Я стоял у главного штурвала, не касаясь его — рулили опытные пилоты-арканисты, их пальцы мерцали в пазах управления. Мои руки были сцеплены за спиной, ноги чуть расставлены, я держал позу уверенного командира.

Маска Брусилова хоть и трещала по швам от истощения Источника, но все еще держалась. Внутри же все было иначе.

Я ощущал пустоту. Ту самую, что наступает после сверхнапряжения, когда тело отдает все до последней капли, а душа выжата, как лимон. Битва за Москву, срыв Второй Печати, столкновение с Луначарским… Эхо взрыва, отшвырнувшего меня сквозь стены, все еще гудело в костях. Тело Николая, и без того не рассчитанное на такие нагрузки, кричало о пощаде. Каждая мышца ныла, голова раскалывалась, а в груди, где должен был пылать Источник, зияла холодная пропасть. Поддерживать иллюзию Брусилова становилось пыткой. Каждое движение, каждый жест требовал невероятных усилий воли. Но снять маску здесь, на мостике, на глазах у экипажа, пилотов, адъютантов до прибытия в Питер было плохой идеей.

Мысли метались, как перепуганные птицы в клетке. Последние часы в горящей столице: хаос, крики, дым, трупы на Соборной площади.

Без делегирования не обошлось… Капитан Долохов — молодой, амбициозный, с хищным блеском в глазах — получил временное командование гарнизоном и полномочия военного губернатора. Его назначение было игрой в рулетку. Он метил в генералы… И это нужно было использовать.

Тюрьмы ломились от мятежников: мэра, чиновников, дворян, мещан, магов ЛИР… Их судьба висела на волоске и должна была решиться через публичный суд.

Я также ввел комендантский час. Армейские кухни кормили уцелевших горожан. Санитарные поезда вывозили раненых в еще уцелевшие больницы. Началось восстановление города — скорее, заделывание самых страшных ран. Но главное — установился порядок. Временный, шаткий, но порядок. Этого хватило, чтобы вырваться.

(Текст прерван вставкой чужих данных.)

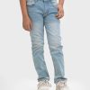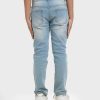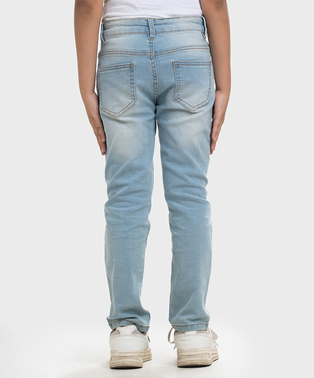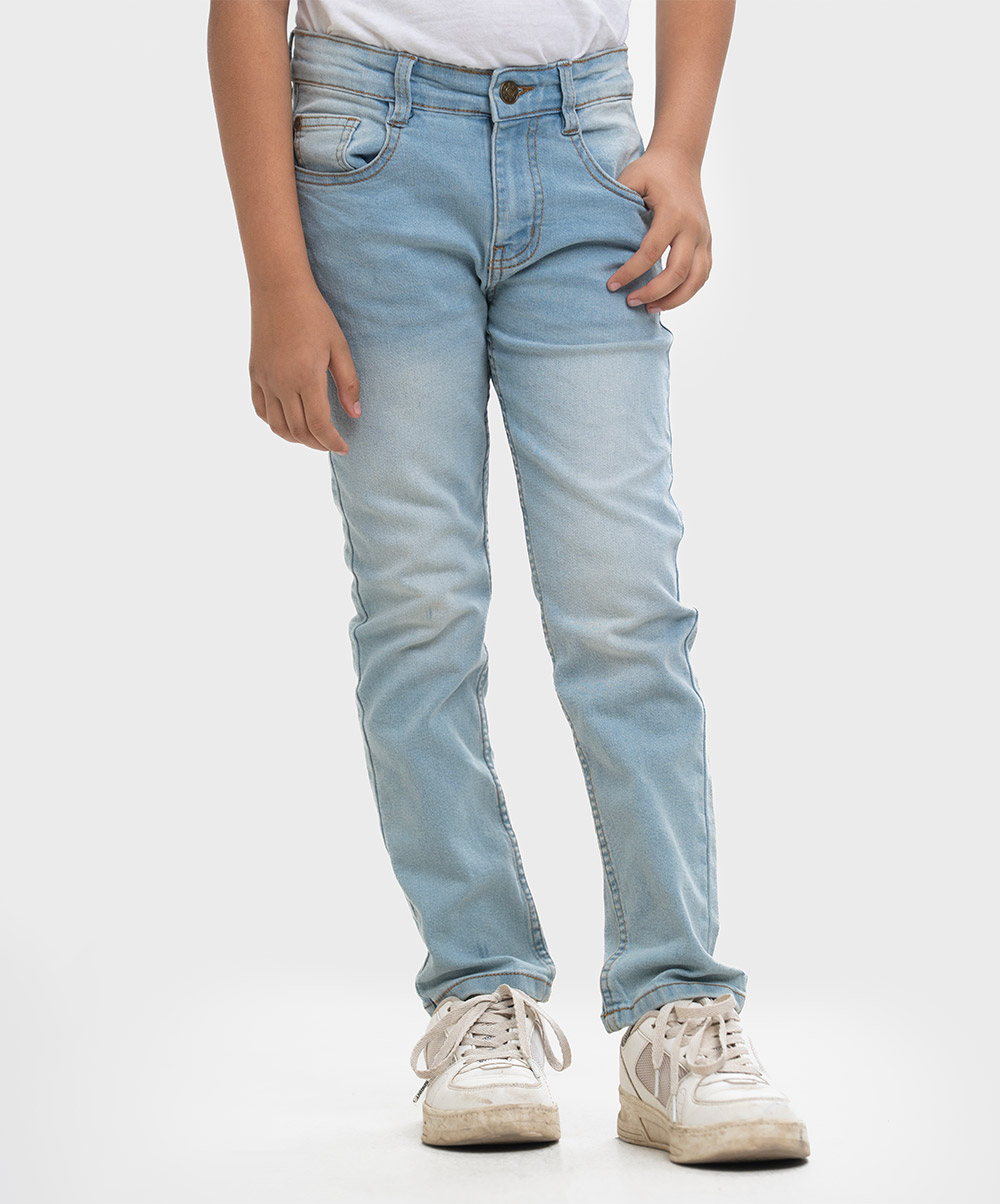 Kid boys long pant in denim fabric. Five pockets and a zipper fly with a metal button.

Но не это сводило мой желудок в тугой узел и заставляло пальцы непроизвольно сжиматься. Перед самым отлетом, когда дирижабль уже отрывался от израненной московской земли, в моем сознании прозвучал знакомый голос Мак:

— Господин! Беда! Николку схватили! Какой-то вонючий Юсупов, с сыночками! Прямо из дворца! Рябоволова… ой, плохо ему, очень плохо… его выбросили в окно! А портал… портал разросся! Как язва! Демоны везде! Пол-Питера уже захвачено!

Голосок джиннихи дрожал от ярости и возмущения. И я прекрасно ее понимал. Вся эта ситуация выглядела крайне скверно. Это был разгром тыла.

И теперь я несся на всех парах к столице, в самое пекло. Каждая минута полета казалась вечностью, а каждая верста — пропастью, в которой гибли люди. Мысли путались, планы рассыпались, как песок сквозь пальцы. Как закрыть портал? Как найти Юсупова и Николая? Как справиться с демонической ордой, имея на руках истощенную армию? Где Рябоволов? Жив ли он? А Анна? Что с ней?

Но больше всего меня беспокоила тишина. Гробовая тишина на границах. Швеция, Польша, Османская Империя… Они должны были ринуться, как стервятники, на ослабленную, истерзанную гражданской войной и демоническим вторжением Россию. Где их флоты? Где их армии? Где дипломатические ноты с «обеспокоенностью»? Эта тишина пугала больше открытой угрозы. Будь я на их месте, я бы уже начал интервенцию. Лучшего момента не найти. Значит… значит, что-то их сдерживает. Или кто-то. Эта мысль не приносила облегчения, лишь добавляла слоя ледяной неизвестности к и без того переполненной чаше.

В трюме, в специально оборудованной антимагической камере, закованный в тяжелые кандалы, подавляющие любую связь с Эфиром, томился Луначарский. Философ-разрушитель. Идеолог ЛИР. Поверженный, но не сломленный. Его холодные глаза за пенсне, его спокойная, рассчитанная жестокость — все это было где-то там, внизу, под ногами. Пока — просто пленник. Проблема на потом. Сейчас его существование казалось незначительной песчинкой на фоне глыбы питерского кошмара.

— Господин Брусилов?

Знакомый женский голос за спиной вырвал меня из водоворота мрачных мыслей. Я не обернулся сразу, давая себе секунду, чтобы натянуть обратно маску спокойствия.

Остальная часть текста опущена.